Each line of the material should be set down exactly. Pictures are not part of the copy.

◆ **Dataset extract**:
========================================================================
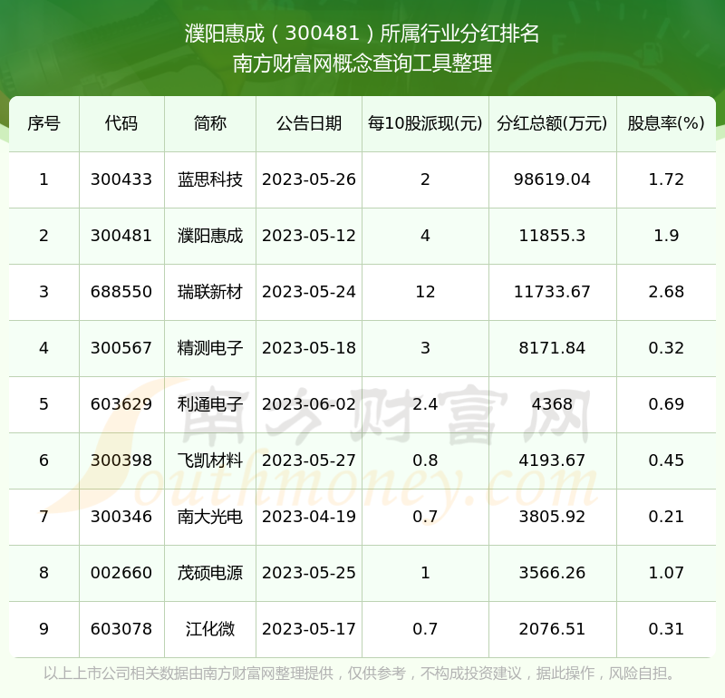 按照南方财富网趋势选股系统统计,濮阳惠成所属行业为电子化学品行业,电子化学品行业分红排名情况如下表:
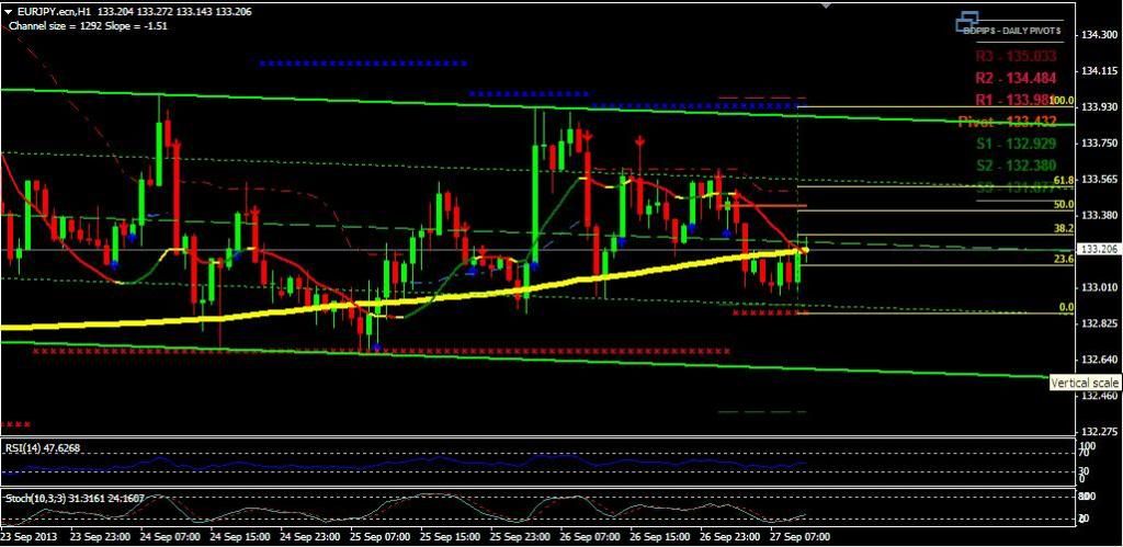 Eur/jpy analysis for 09.27.2013 by using pivot indicator.
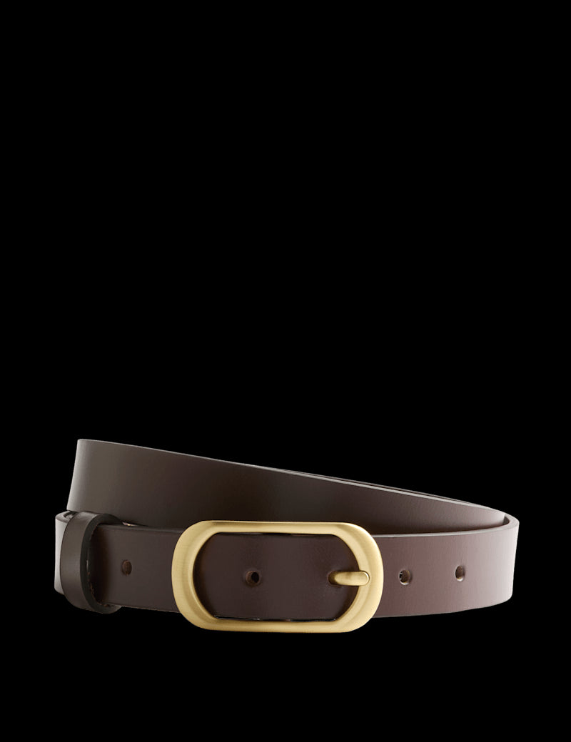 This leather belt is ideal for adding a touch of sophistication to your jeans. It's designed with an oval metal buckle in a brushed finish for a timeless look.
========================================================================
◆ **The completed task**:
 按照南方财富网趋势选股系统统计,濮阳惠成所属行业为电子化学品行业,电子化学品行业分红排名情况如下表:
 Eur/jpy analysis for 09.27.2013 by using pivot indicator.
 This leather belt is ideal for adding a touch of sophistication to your jeans. It's designed with an oval metal buckle in a brushed finish for a timeless look.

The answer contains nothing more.